**What the task asks:**
Retype, word for word, the line holding "This architectural blouse" and each line after it down to the end of the data; pictures are not copied.

**Raw data:**
----

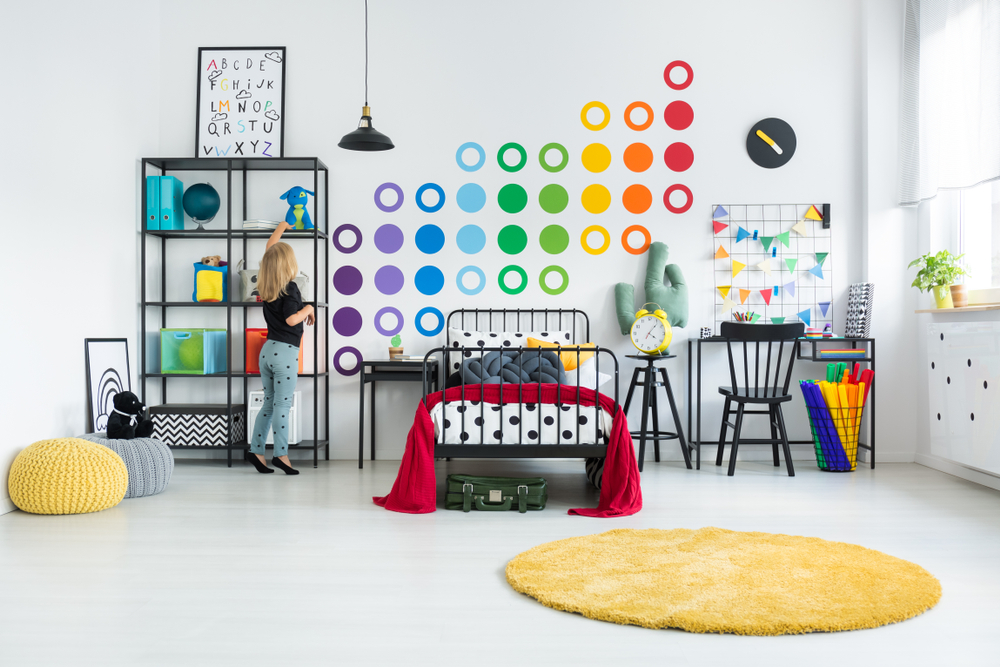 La varste mici, o buna idee de amenajare in camera fetei poate fi aplicarea stickerelor colorate pe pereti. Fie ca alegi unele cu animale amuzante, masini sau unicorni, dinozauri sau buline colorate, aceste stickere dau viata si farmec incaperii cu un efort minim. Sunt usor de aplicat si indepartat, asa ca le poti schimba ori de cate ori doresti, fara sa afectezi in vreun fel finisajul peretilor. Decorarea peretelui camerei de fete cu stickere poate fi o activitate distractivă și creativă pe care o poti face împreună cu fiica ta, petrecand timp de calitate in procesul de decorare a camerei ei.
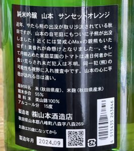 「純米吟醸 山本 サンセットオレンジ」入荷しました!
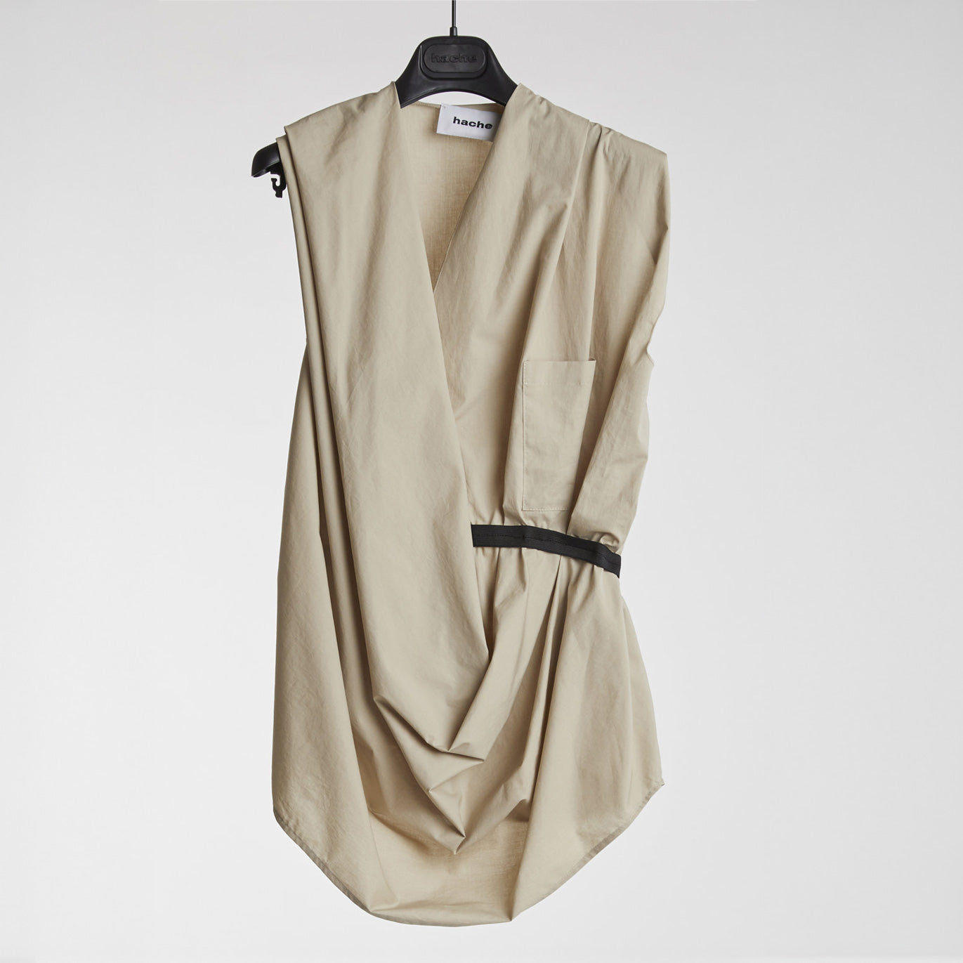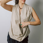 This architectural blouse is made of a light poplin. The elastic at the waist gives it a beautiful drape.
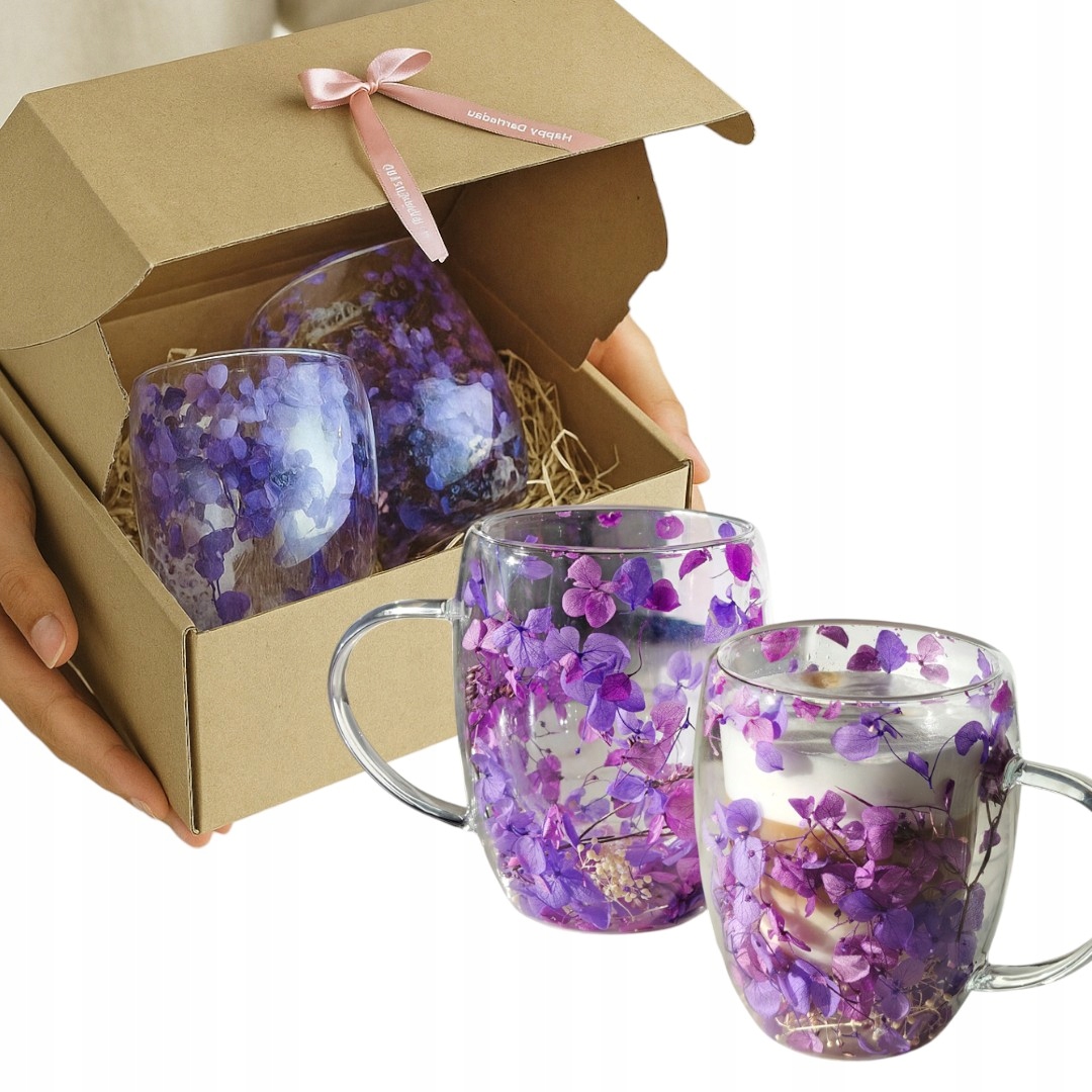 ✨НАБОР ТЕРМОСТАКАНОВ ДЛЯ КОФЕ И ЧАЯ С СУХОЦВЕТАМИ ВНУТРИ ЦВЕТОВ - ФИОЛЕТОВЫЕ ГИДРЕНИ - ГОТОВЫЙ ПОДАРОЧНЫЙ НАБОР ✨

----

**Result:**
 This architectural blouse is made of a light poplin. The elastic at the waist gives it a beautiful drape.
 ✨НАБОР ТЕРМОСТАКАНОВ ДЛЯ КОФЕ И ЧАЯ С СУХОЦВЕТАМИ ВНУТРИ ЦВЕТОВ - ФИОЛЕТОВЫЕ ГИДРЕНИ - ГОТОВЫЙ ПОДАРОЧНЫЙ НАБОР ✨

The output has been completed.